▶ [EXERCISE]: Set down the material exactly, keeping every line whole.

▶ [STORED DATA]:

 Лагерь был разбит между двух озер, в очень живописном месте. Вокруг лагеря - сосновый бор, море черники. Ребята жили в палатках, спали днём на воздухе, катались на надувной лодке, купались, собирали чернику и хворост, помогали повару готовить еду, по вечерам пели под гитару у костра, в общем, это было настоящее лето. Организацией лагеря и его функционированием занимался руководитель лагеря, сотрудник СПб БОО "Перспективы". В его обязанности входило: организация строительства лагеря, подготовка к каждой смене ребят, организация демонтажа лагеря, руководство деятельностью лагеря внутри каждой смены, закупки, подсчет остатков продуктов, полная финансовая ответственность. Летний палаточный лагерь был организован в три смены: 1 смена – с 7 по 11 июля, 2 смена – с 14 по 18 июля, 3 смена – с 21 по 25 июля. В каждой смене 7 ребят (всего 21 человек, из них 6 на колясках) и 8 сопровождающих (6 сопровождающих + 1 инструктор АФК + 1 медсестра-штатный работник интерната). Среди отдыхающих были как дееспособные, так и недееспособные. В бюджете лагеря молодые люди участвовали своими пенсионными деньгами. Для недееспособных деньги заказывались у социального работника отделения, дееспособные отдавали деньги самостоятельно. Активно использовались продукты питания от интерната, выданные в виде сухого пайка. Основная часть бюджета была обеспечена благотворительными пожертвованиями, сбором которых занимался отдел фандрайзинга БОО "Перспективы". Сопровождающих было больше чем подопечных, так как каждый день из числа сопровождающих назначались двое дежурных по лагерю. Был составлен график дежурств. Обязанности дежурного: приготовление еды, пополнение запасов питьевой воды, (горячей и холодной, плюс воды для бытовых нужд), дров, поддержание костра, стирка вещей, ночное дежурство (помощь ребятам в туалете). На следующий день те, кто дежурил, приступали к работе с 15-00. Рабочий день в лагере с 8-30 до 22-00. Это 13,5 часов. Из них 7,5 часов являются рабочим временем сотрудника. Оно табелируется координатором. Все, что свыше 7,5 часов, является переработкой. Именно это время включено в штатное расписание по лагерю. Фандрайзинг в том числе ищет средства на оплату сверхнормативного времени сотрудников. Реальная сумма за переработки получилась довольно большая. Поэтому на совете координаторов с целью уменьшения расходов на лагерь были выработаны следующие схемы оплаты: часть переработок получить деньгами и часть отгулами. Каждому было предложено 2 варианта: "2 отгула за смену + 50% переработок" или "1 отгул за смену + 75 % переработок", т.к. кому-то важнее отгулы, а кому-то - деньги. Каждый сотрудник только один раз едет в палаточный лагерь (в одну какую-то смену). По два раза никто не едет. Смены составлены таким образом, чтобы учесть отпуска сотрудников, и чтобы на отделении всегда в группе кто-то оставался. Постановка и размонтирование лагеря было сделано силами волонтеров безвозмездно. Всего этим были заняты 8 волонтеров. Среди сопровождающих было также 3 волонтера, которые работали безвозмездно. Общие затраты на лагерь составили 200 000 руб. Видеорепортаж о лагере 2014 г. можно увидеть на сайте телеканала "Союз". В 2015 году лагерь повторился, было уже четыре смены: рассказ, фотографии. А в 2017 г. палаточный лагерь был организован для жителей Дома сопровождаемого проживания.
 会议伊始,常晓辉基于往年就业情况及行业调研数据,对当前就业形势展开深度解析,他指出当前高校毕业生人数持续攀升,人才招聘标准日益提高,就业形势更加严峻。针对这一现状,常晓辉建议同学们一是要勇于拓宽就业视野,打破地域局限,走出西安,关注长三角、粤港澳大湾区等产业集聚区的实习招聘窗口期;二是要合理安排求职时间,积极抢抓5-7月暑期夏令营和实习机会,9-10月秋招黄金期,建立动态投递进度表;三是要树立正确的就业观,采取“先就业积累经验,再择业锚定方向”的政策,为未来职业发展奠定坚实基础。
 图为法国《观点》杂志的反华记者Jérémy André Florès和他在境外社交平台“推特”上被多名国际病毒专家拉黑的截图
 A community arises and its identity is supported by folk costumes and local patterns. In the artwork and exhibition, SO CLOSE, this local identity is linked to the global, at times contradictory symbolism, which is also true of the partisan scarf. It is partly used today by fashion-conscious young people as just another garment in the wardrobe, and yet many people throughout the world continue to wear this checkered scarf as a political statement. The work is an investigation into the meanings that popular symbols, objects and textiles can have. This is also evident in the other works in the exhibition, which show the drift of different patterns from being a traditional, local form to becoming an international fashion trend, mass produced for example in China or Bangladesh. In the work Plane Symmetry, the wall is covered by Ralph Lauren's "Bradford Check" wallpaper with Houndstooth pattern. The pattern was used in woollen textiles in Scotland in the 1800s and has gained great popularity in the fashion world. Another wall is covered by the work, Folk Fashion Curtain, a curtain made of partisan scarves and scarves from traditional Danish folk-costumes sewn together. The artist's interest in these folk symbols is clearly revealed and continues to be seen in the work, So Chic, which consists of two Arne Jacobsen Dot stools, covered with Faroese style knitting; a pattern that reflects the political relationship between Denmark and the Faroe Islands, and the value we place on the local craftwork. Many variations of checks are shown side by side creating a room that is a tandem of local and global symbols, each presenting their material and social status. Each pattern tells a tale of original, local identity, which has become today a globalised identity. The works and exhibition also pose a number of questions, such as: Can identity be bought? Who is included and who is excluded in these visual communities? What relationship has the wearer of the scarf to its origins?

▶ [TASK SOLUTION]:
 Лагерь был разбит между двух озер, в очень живописном месте. Вокруг лагеря - сосновый бор, море черники. Ребята жили в палатках, спали днём на воздухе, катались на надувной лодке, купались, собирали чернику и хворост, помогали повару готовить еду, по вечерам пели под гитару у костра, в общем, это было настоящее лето. Организацией лагеря и его функционированием занимался руководитель лагеря, сотрудник СПб БОО "Перспективы". В его обязанности входило: организация строительства лагеря, подготовка к каждой смене ребят, организация демонтажа лагеря, руководство деятельностью лагеря внутри каждой смены, закупки, подсчет остатков продуктов, полная финансовая ответственность. Летний палаточный лагерь был организован в три смены: 1 смена – с 7 по 11 июля, 2 смена – с 14 по 18 июля, 3 смена – с 21 по 25 июля. В каждой смене 7 ребят (всего 21 человек, из них 6 на колясках) и 8 сопровождающих (6 сопровождающих + 1 инструктор АФК + 1 медсестра-штатный работник интерната). Среди отдыхающих были как дееспособные, так и недееспособные. В бюджете лагеря молодые люди участвовали своими пенсионными деньгами. Для недееспособных деньги заказывались у социального работника отделения, дееспособные отдавали деньги самостоятельно. Активно использовались продукты питания от интерната, выданные в виде сухого пайка. Основная часть бюджета была обеспечена благотворительными пожертвованиями, сбором которых занимался отдел фандрайзинга БОО "Перспективы". Сопровождающих было больше чем подопечных, так как каждый день из числа сопровождающих назначались двое дежурных по лагерю. Был составлен график дежурств. Обязанности дежурного: приготовление еды, пополнение запасов питьевой воды, (горячей и холодной, плюс воды для бытовых нужд), дров, поддержание костра, стирка вещей, ночное дежурство (помощь ребятам в туалете). На следующий день те, кто дежурил, приступали к работе с 15-00. Рабочий день в лагере с 8-30 до 22-00. Это 13,5 часов. Из них 7,5 часов являются рабочим временем сотрудника. Оно табелируется координатором. Все, что свыше 7,5 часов, является переработкой. Именно это время включено в штатное расписание по лагерю. Фандрайзинг в том числе ищет средства на оплату сверхнормативного времени сотрудников. Реальная сумма за переработки получилась довольно большая. Поэтому на совете координаторов с целью уменьшения расходов на лагерь были выработаны следующие схемы оплаты: часть переработок получить деньгами и часть отгулами. Каждому было предложено 2 варианта: "2 отгула за смену + 50% переработок" или "1 отгул за смену + 75 % переработок", т.к. кому-то важнее отгулы, а кому-то - деньги. Каждый сотрудник только один раз едет в палаточный лагерь (в одну какую-то смену). По два раза никто не едет. Смены составлены таким образом, чтобы учесть отпуска сотрудников, и чтобы на отделении всегда в группе кто-то оставался. Постановка и размонтирование лагеря было сделано силами волонтеров безвозмездно. Всего этим были заняты 8 волонтеров. Среди сопровождающих было также 3 волонтера, которые работали безвозмездно. Общие затраты на лагерь составили 200 000 руб. Видеорепортаж о лагере 2014 г. можно увидеть на сайте телеканала "Союз". В 2015 году лагерь повторился, было уже четыре смены: рассказ, фотографии. А в 2017 г. палаточный лагерь был организован для жителей Дома сопровождаемого проживания.
 会议伊始,常晓辉基于往年就业情况及行业调研数据,对当前就业形势展开深度解析,他指出当前高校毕业生人数持续攀升,人才招聘标准日益提高,就业形势更加严峻。针对这一现状,常晓辉建议同学们一是要勇于拓宽就业视野,打破地域局限,走出西安,关注长三角、粤港澳大湾区等产业集聚区的实习招聘窗口期;二是要合理安排求职时间,积极抢抓5-7月暑期夏令营和实习机会,9-10月秋招黄金期,建立动态投递进度表;三是要树立正确的就业观,采取“先就业积累经验,再择业锚定方向”的政策,为未来职业发展奠定坚实基础。
 图为法国《观点》杂志的反华记者Jérémy André Florès和他在境外社交平台“推特”上被多名国际病毒专家拉黑的截图
 A community arises and its identity is supported by folk costumes and local patterns. In the artwork and exhibition, SO CLOSE, this local identity is linked to the global, at times contradictory symbolism, which is also true of the partisan scarf. It is partly used today by fashion-conscious young people as just another garment in the wardrobe, and yet many people throughout the world continue to wear this checkered scarf as a political statement. The work is an investigation into the meanings that popular symbols, objects and textiles can have. This is also evident in the other works in the exhibition, which show the drift of different patterns from being a traditional, local form to becoming an international fashion trend, mass produced for example in China or Bangladesh. In the work Plane Symmetry, the wall is covered by Ralph Lauren's "Bradford Check" wallpaper with Houndstooth pattern. The pattern was used in woollen textiles in Scotland in the 1800s and has gained great popularity in the fashion world. Another wall is covered by the work, Folk Fashion Curtain, a curtain made of partisan scarves and scarves from traditional Danish folk-costumes sewn together. The artist's interest in these folk symbols is clearly revealed and continues to be seen in the work, So Chic, which consists of two Arne Jacobsen Dot stools, covered with Faroese style knitting; a pattern that reflects the political relationship between Denmark and the Faroe Islands, and the value we place on the local craftwork. Many variations of checks are shown side by side creating a room that is a tandem of local and global symbols, each presenting their material and social status. Each pattern tells a tale of original, local identity, which has become today a globalised identity. The works and exhibition also pose a number of questions, such as: Can identity be bought? Who is included and who is excluded in these visual communities? What relationship has the wearer of the scarf to its origins?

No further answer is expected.